Et cependant, frères, il me serait doux de me sentir la pourpre aux épaules, non pour m’en draper devant la foule, mais pour vivre plus largement sous le riche et superbe tissu. Il me serait doux d’être roi d’Asie, de rêver nuit et jour sur un lit de roses, dans une de ces féeriques demeures, harems de fleurs et de sultanes. Les bains de marbre aux fontaines parfumées, les galeries de chèvrefeuilles soutenus sur des treillages d’argent, les immenses salles aux plafonds semés d’étoiles, n’est-ce pas là le palais que les anges devraient bâtir pour chaque homme de vingt ans ? La jeunesse veut à son festin tout ce qui chante, tout ce qui rayonne. Lors du premier baiser, il faut que l’amante soit toute de dentelle et de bijoux, que la couche, portée par quatre fées d’or et de marbre, ait un ciel de pierreries et des toiles de satin.
Frères, frères, ne me grondez pas, je vais être sage. Je vais aimer mon grenier et ne plus songer à mes palais. Oh ! que la vie y serait jeune et passionnée !
Je travaille, j’espère. Je passe les journées devant ma petite table, quittant la plume pendant de longues heures pour caresser quelque blonde tête que l’encre souillerait. Puis, je reprends l’œuvre commencée, parant mes héroïnes des rayons de mes rêves. J’oublie la neige et l’armoire vide. Je vis je ne sais où, peut-être dans un nuage, peut-être dans le duvet d’un nid abandonné. Quand j’écris une phrase leste et coquettement drapée, je crois voir des anges et des aubépines en fleur.

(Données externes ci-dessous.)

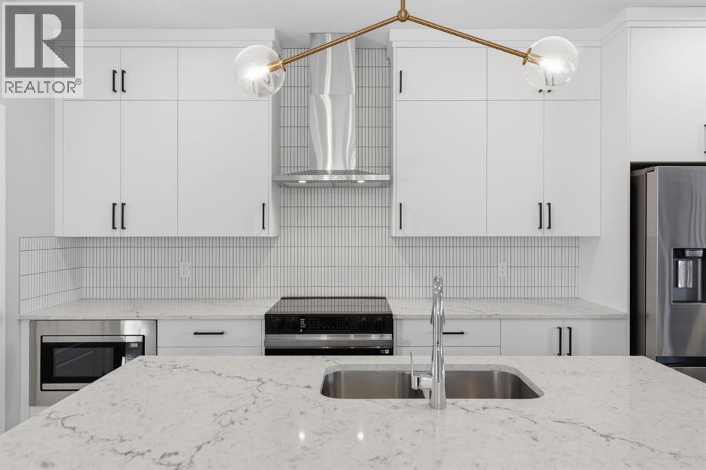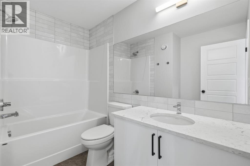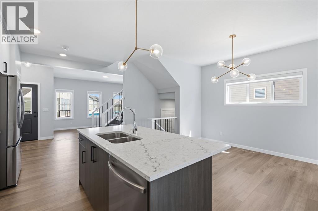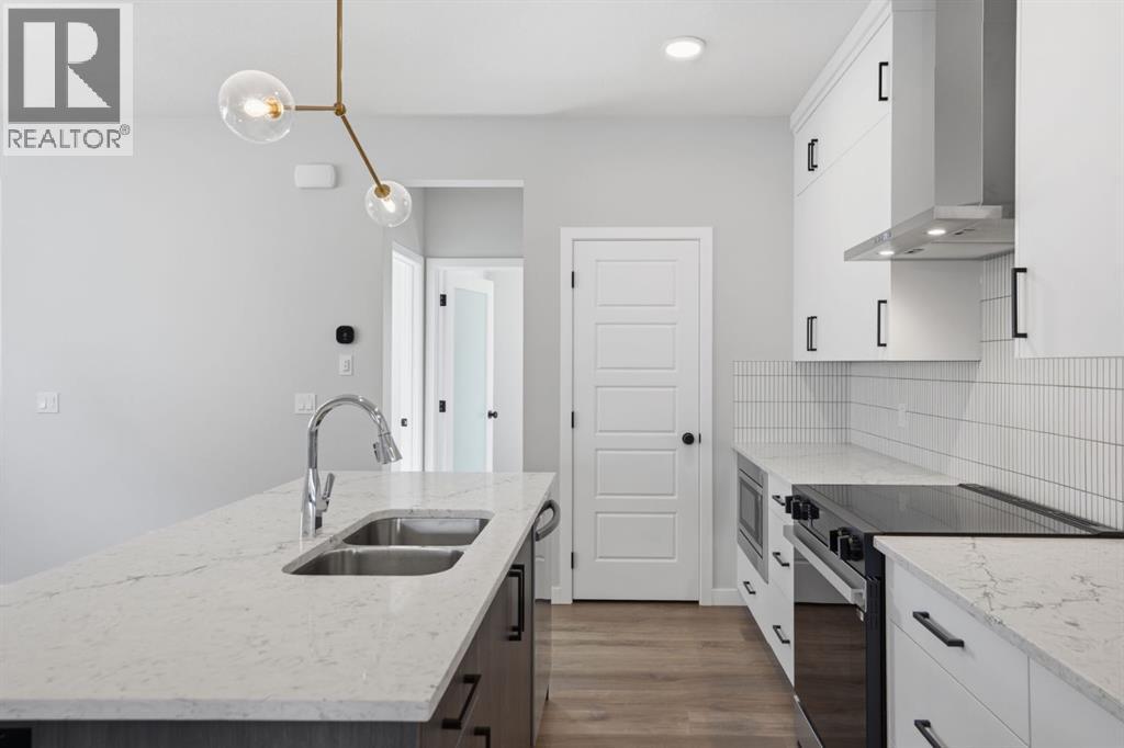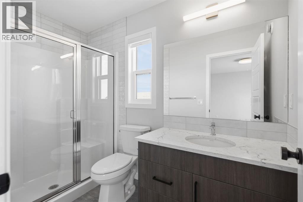 Welcome to The Castlecove, built by award-winning builder McKee Homes. A thoughtfully designed home that maximizes every square foot while delivering the bright, inviting atmosphere you'll love coming home to. From the moment you arrive, the generous front entry sets a welcoming tone—a home that balances style, comfort, and affordability without compromise. Step inside and you'll immediately appreciate the smart, functional layout that flows seamlessly from front to back. A versatile main-floor office/flex space is perfectly positioned for modern living—ideal for working from home, a kids' play zone, or a hobby and craft room. The main level opens into a bright, wide-open living area where large windows at both the front and rear let natural light pour in at every hour, creating a warm, calming environment you'll love to unwind in. At the heart of the home is a sleek galley-style kitchen designed for both everyday life and effortless entertaining. The large central island is perfect for gathering with friends, casual meals, or keeping conversation going while dinner is on the go. Finished with ceiling-height cabinetry, quartz countertops, a chimney hood fan, a built-in microwave, and an extra set of pot-and-pan drawers, this kitchen delivers standout style alongside the practical storage you actually need. A dedicated gas line for your BBQ at the rear of the home makes it easy to take your cooking outside as well. Just off the back entry, a dedicated mudroom keeps daily clutter organized and out of sight—making busy mornings smoother and family life more manageable. Upstairs, the thoughtful design continues. A conveniently located upper-floor laundry room keeps things tidy and out of the way. The primary suite is a true retreat, featuring a generous walk-in closet and a well-appointed ensuite complete with a standing shower, toilet and a sink. Out back, a rear deck provides the perfect spot to relax and entertain, while a concrete parking pa d is already in place for future garage development—adding flexibility and long-term value as your needs evolve. Bright, functional, and thoughtfully upgraded, The Castlecove is a home that proves affordability and great design go hand in hand. Don't miss your opportunity to own this exceptional property. Book your private showing today. (id:63190)
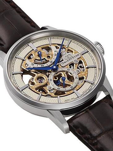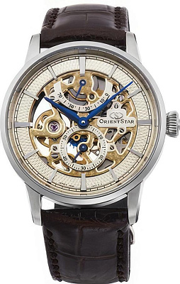 Мужские механические наручные часы с автоподзаводом и возможностью ручного завода серии Orient Star Skeleton. Круглый стальной корпус. Скелетированный циферблат. Сапфировое стекло. Водозащита 50 м. Коричневый кожаный ремешок. Раскладывающийся замок.

J’ai la sainte gaieté du travail. Ah ! que j’étais fou d’être triste et que je me trompais en me croyant pauvre et seul ! Je ne sais plus ce qui me désolait. Hier, je crois, ma chambre était laide ; elle me sourit aujourd’hui. Je sens autour de moi des amis que je ne vois pas, mais qui sont en grand nombre et qui tous me tendent la main. Leur foule me cache les murs de mon réduit.
Va, pauvre petite table, lorsque la désespérance me touchera de son aile, je viendrai toujours m’asseoir devant toi et m’accouder sur la feuille blanche où mon rêve ne se fixe qu’après m’avoir rendu le sourire.